Er verbrachte die nächsten Jahre in Dubai, wo er gelegentlich als Kameramann arbeitete, bis man 2015 seine Aufenthaltsgenehmigung nicht erneuerte. "Ich dachte nur noch an Europa", sagte er. Er sei acht Monate zuvor mit seinem Vater und seiner Schwester auf Samos eingetroffen.

Menschen palästinensischer Abstammung erleben nicht erst seit der Flüchtlingskrise oft eine ungewisse Lage.
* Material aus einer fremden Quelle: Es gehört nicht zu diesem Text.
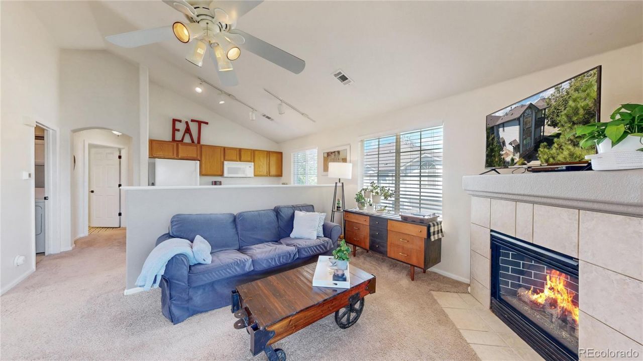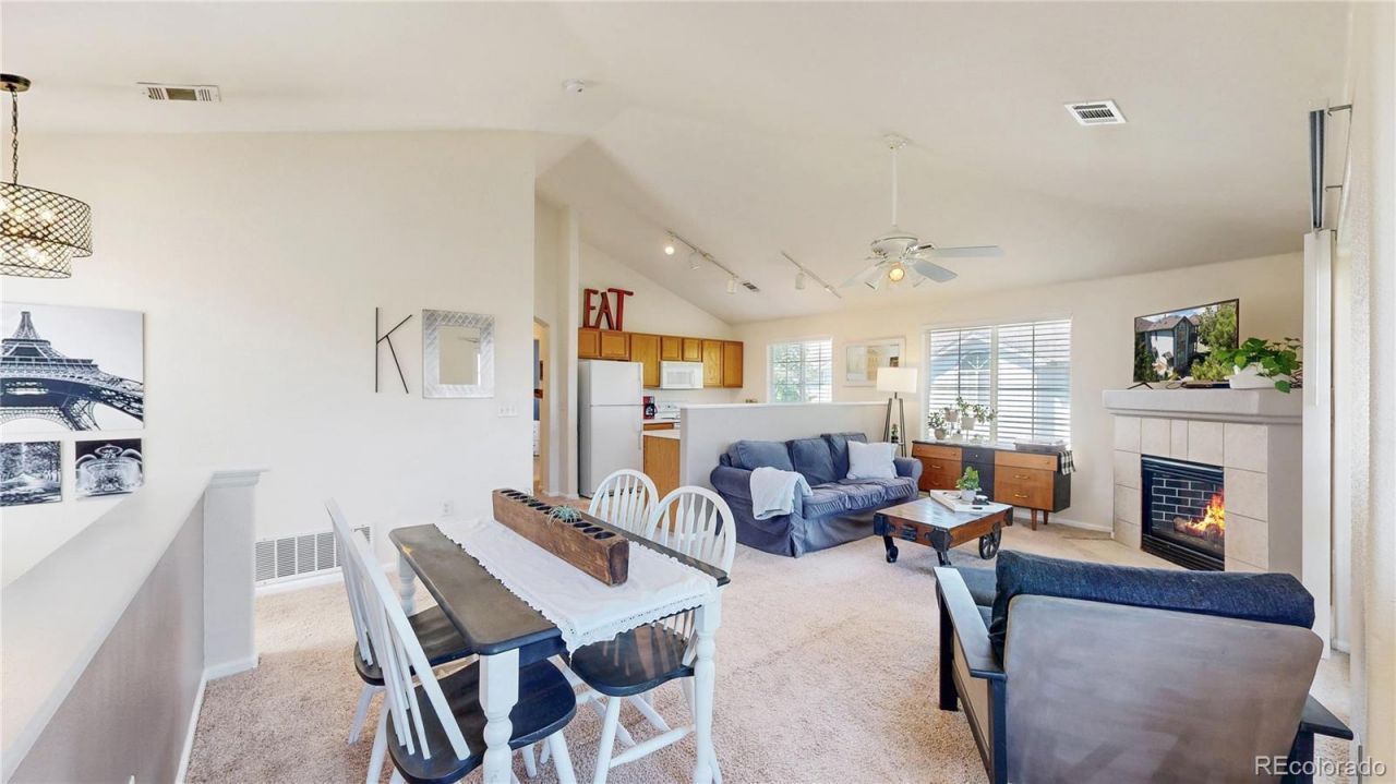 This is THE ONE! Relish in the comfort and low-maintenance living that come together in this stylish condo, featuring an open floorplan with an attached garage, Newer Furnace, Newer Air-Conditioning System and Newer Hot Water Heater! The main living area is open and inviting, with large windows that bring in natural light and gorgeous vaulted ceilings that highlight the homes spacious layout. A cozy fireplace anchors the living room, making it the perfect place to relax at the end of the day. Sliding glass doors lead to a private balcony, extending the living space outdoors for morning coffee or evening unwinding. The kitchen is thoughtfully designed with plenty of cabinetry, generous counter space, and modern appliances. Its open flow into the dining and living areas makes entertaining seamless. The primary suite serves as a private retreat, featuring a large bedroom, walk-in closet, and more natural light from a phenomenal arched window. The tastefully updated bathroom has plenty of space featuring a generously sized oval soaking tub and linen closet. Additional conveniences include a large laundry room and the attached garage, ensuring both comfort and secure parking. This gated community is well-maintained, with landscaped grounds and shared amenities that enhance the living experience with the Clubhouse and outdoor pool. Location is yet another highlight?just a short distance from Rotella Park, Carpenter Park, and the Thornton Crossroads & 104th Ave light rail station, making commuting into Denver and surrounding areas simple! This home offers move-in-ready convenience and a lifestyle that fits modern Colorado living. Come make this gem yours today!
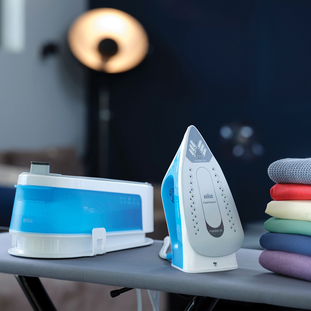 Iron through your washing pile with impressive speed thanks to the Braun BN1122 Steam Iron. Featuring innovative Double Steam technology, this iron generates twice the steam of standard models, cutting ironing time by up to 50%*. Experience effortless gliding with the patented Free Glide 3D technology, boasting an upwards-curving soleplate for 360° movement over any fabric, navigating buttons and embellishments with ease. A powerful steam shot of up to 340g/min tackles even stubborn creases. The generous 1.5L removable water tank supports extended ironing sessions without frequent refills, while the 4-level adjustable temperature gauge provides tailored precision for all fabric types. The Easy CalcClean system, complete with a reminder function, ensures effortless maintenance and optimal performance.
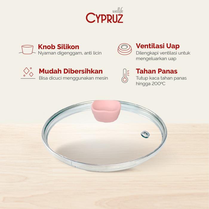 [c06][Beli Lokal] Cypruz Tutup Panci Stainless Kaca Gagang Kayu Bakelite 14 cm
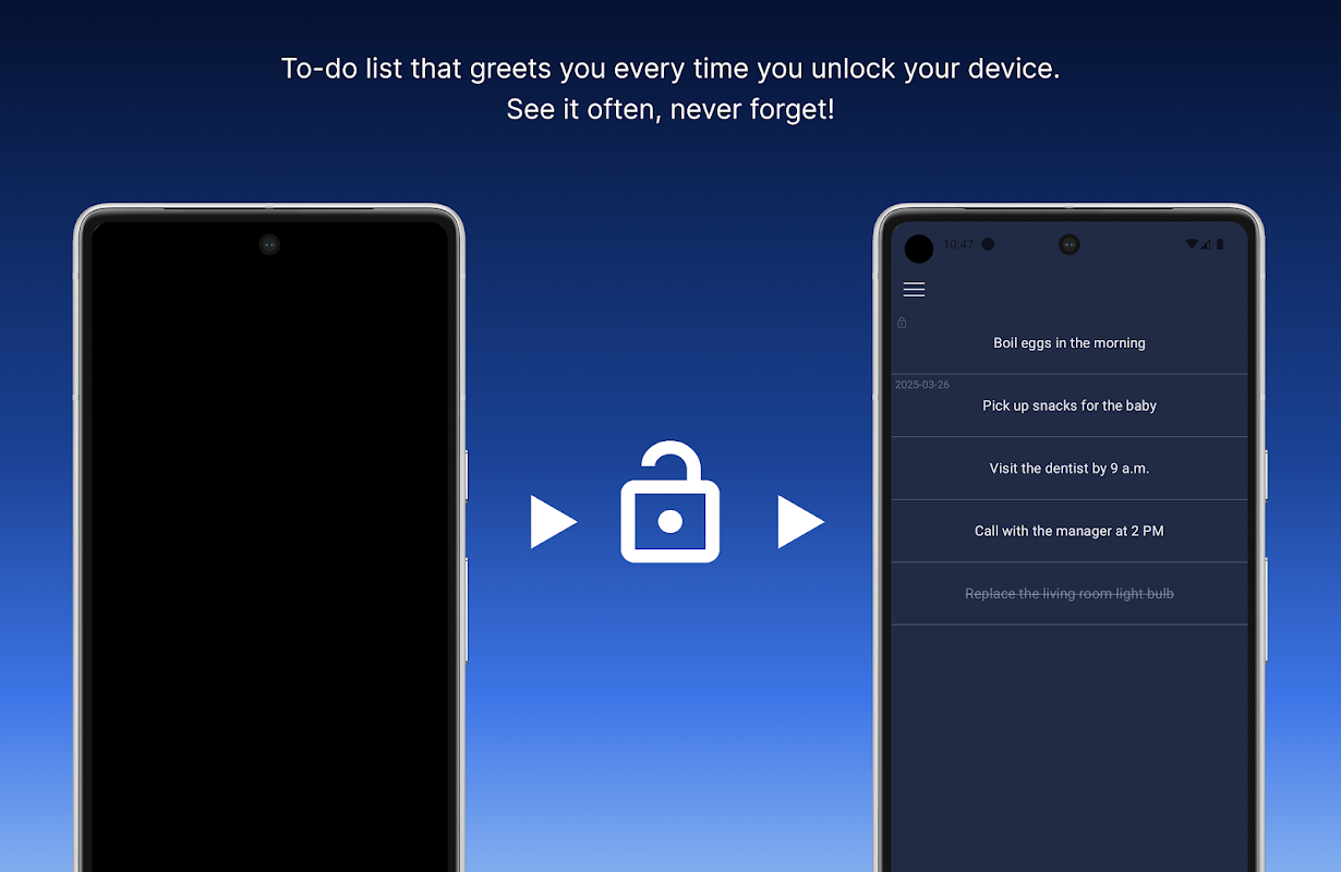 Es soll Ihnen helfen, nie etwas zu vergessen – nicht durch das Versenden endloser Benachrichtigungen, sondern durch die stille Anwesenheit, sobald Sie auf Ihr Telefon schauen. Ganz gleich, ob es sich um eine kleine Erinnerung oder etwas wirklich Wichtiges handelt, UnforgetTodo stellt sicher, dass nichts untergeht.
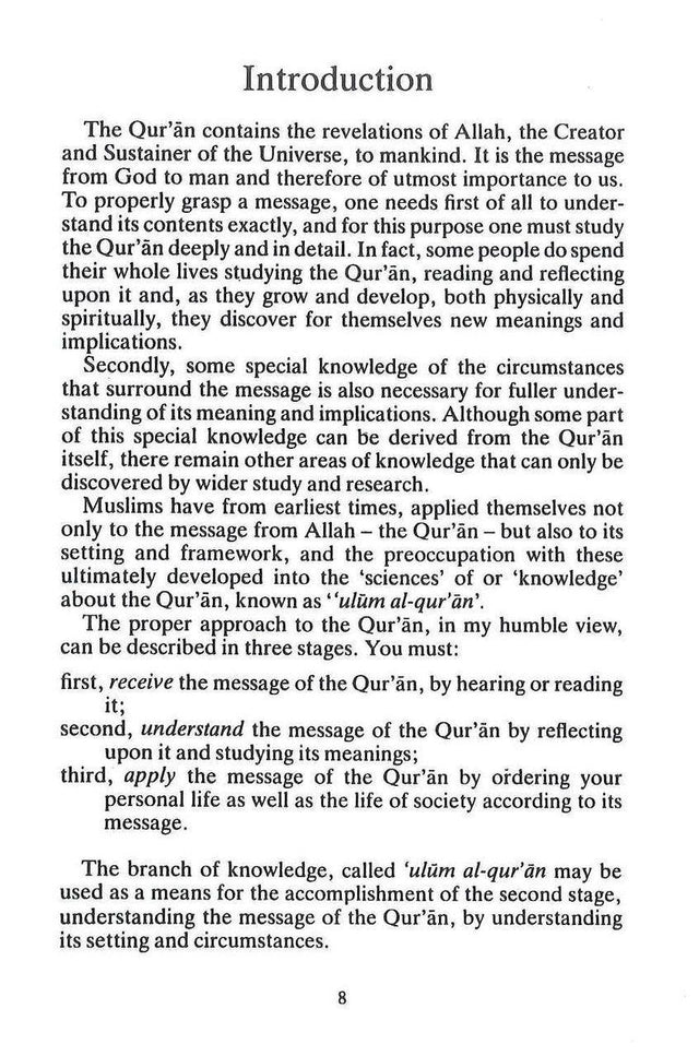 The Qur'an contains the revelations of Allah, the Creator and Sustainer of the Universe, to mankind. It is the message from God to man and therefore of utmost importance to us. To properly grasp a message, one needs first of all to under- stand its contents exactly, and for this purpose one must study the Qur'an deeply and in detail. In fact, some people do spend their whole lives studying the Qur'an, reading and reflecting upon it and, as they grow and develop, both physically and spiritually, they discover for themselves new meanings and implications. Secondly, some special knowledge of the circumstances that surround the message is also necessary for fuller under- standing of its meaning and implications. Although some part of this special knowledge can be derived from the Qur'an itself, there remain other areas of knowledge that can only be discovered by wider study and research. Muslims have from earliest times, applied themselves not only to the message from Allah - the Qur'an - but also to its setting and framework, and the preoccupation with these ultimately developed into the 'sciences' of or 'knowledge' about the Qur'an, known as "ulum al-qur'an'.
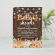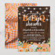 Invitation de baby shower country automnal barbecue avec un fond en bois rustique, des guirlandes de lumières de jardin, des fleurs aquarelles élégantes orange et blanches d'automne, et un modèle de célébration de baby shower de couple facile à personnaliser.
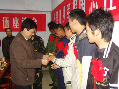 最后,吴光林代表学院党政给即将步入军营的同学们带上了大红花并每人赠送一台袖珍收音机。吴书记对即将入伍的同学们表示了祝贺,并对他们提出了殷切希望与温馨祝福,希望他们在军营里要勇于吃苦,努力学习,刻苦训练,在部队多立功受奖,早日把喜报寄回家乡与学校!
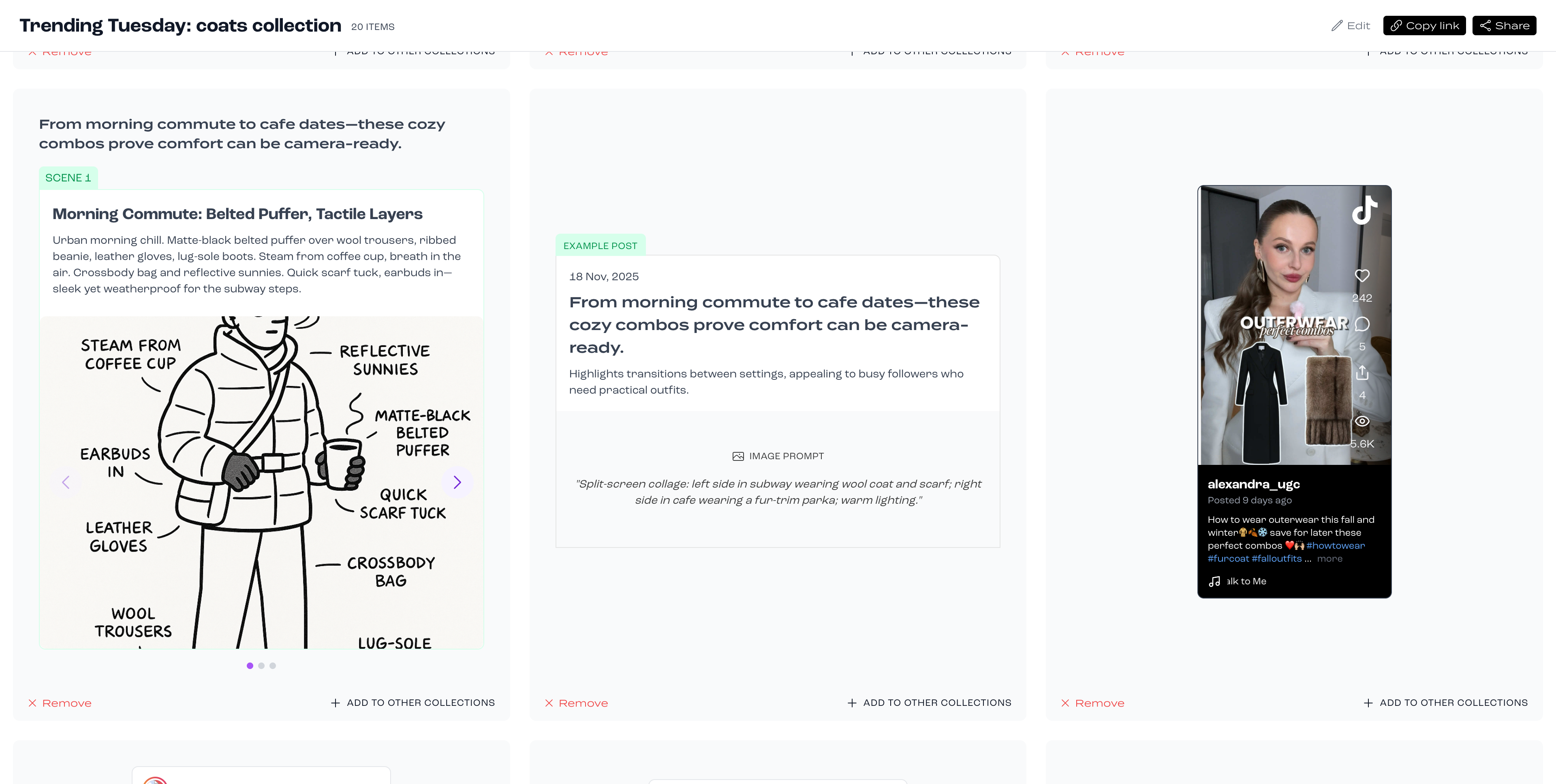 Collections make it simple to capture inspiration, structure ideas, and collaborate—all in one place. Build themed moodboards, keep your creative flow organized, and instantly share with teammates or external partners when it’s time to bring ideas to life.

Die syrische Regierung erteilt Palästinensern keine Staatsbürgerschaft, selbst wenn sie und ihre Eltern in Syrien geboren sind. Die EU-Behörden ordneten diese Flüchtlinge oft nicht als Syrer, sondern als Palästinenser ein, oder notierten keine Nationalität. Das führte zu Verwirrung und verlangsamte den Asylprozess, während Schnee auf die Zelte der Flüchtlinge fiel.

Laut Walid wurden Palästinenser auf Samos, die auf ihre Asylanhörungen warteten, einfach nicht aufgerufen. Im Januar erzählte er mir, nur einer der dortigen Palästinenser habe eine Anhörung erhalten. Ohne dieses Gespräch, sagte er, erhielten sie weder die nötigen Papiere um in Griechenland zu leben, noch einen der Ausweise, mit denen sie die Inseln verlassen und nach Athen gelangen könnten. Viele hofften, dort einen Schmuggler finden zu können. Walid zeigte mir seinen Ausweis, auf dem ein roter Stempel warnte: ONLY SAMOS.

Walid sah seine syrischen Freunde davonziehen, während sich das Lager weiter füllte. "Sieben Monate und immer noch dasselbe. Nichts als Lügen und leere Versprechen. Der Winter kommt. Wir können nicht länger warten."

Mehrere Hundert Flüchtlinge leben in der besetzten Acharnon-Schule in Athen, die von der Revolutionären Linken Strömung Syriens betrieben wird.

Die griechische Regierung und größere NGOs haben hunderte Millionen Euro erhalten, um eine Krise zu bewältigen, in deren Entstehung die Grenzschließungen der EU eine wesentliche Rolle gespielt haben. Aber ein großer Teil der Mittel wurde noch nicht ausgegeben oder hat sein Ziel nicht erreicht. Wie die Deutsche Welle im Januar berichtete, hielten Misswirtschaft, Desinteresse und fehlende Koordination die Flüchtlinge in schneebedeckten Zelten, während die griechische Regierung, die EU und die NGOs sich gegenseitig die Schuld zuschoben.

Die eigentliche Arbeit bleibt häufig an Gruppen wie Calais Action und Samos Volunteers hängen. Die oft linksgerichteten Freiwilligengruppen stellen mit winzigen Budgets Güter bereit, die man eigentlich von den besser finanzierten NGOs und Regierungen erwarten würde. Auf Samos verteilen sie Toilettenpapier, Windeln, Milch, Kleidung und Schlafsäcke. Bis sie das finanziell nicht mehr leisten konnten, stellten sie auch Zelte. Sie organisieren zudem Cafés und Filmabende, geben Sprachunterricht, bauen mit den Flüchtlingen Möbel und veranstalten Cricket-Turniere.

Aber auch sie haben ihre Grenzen. Letztendlich ist ein Hotspot ein großer Pferch und kein Ort zum Leben. Clement Perrin, der Chef der griechischen Sektion von Ärzte ohne Grenzen, sagte mir: "In einem Übergangslager verbringt man nicht sechs Monate, sondern eine Woche. Dann muss man irgendwo anders hin, wo man sein Leben wieder in die Hand nehmen kann." Nicht nur werden die Lebensumstände der Flüchtlinge hier komplett von anderen bestimmt, ihre Hilflosigkeit verstärkt sich noch, weil ihre Zukunft völlig ungewiss ist.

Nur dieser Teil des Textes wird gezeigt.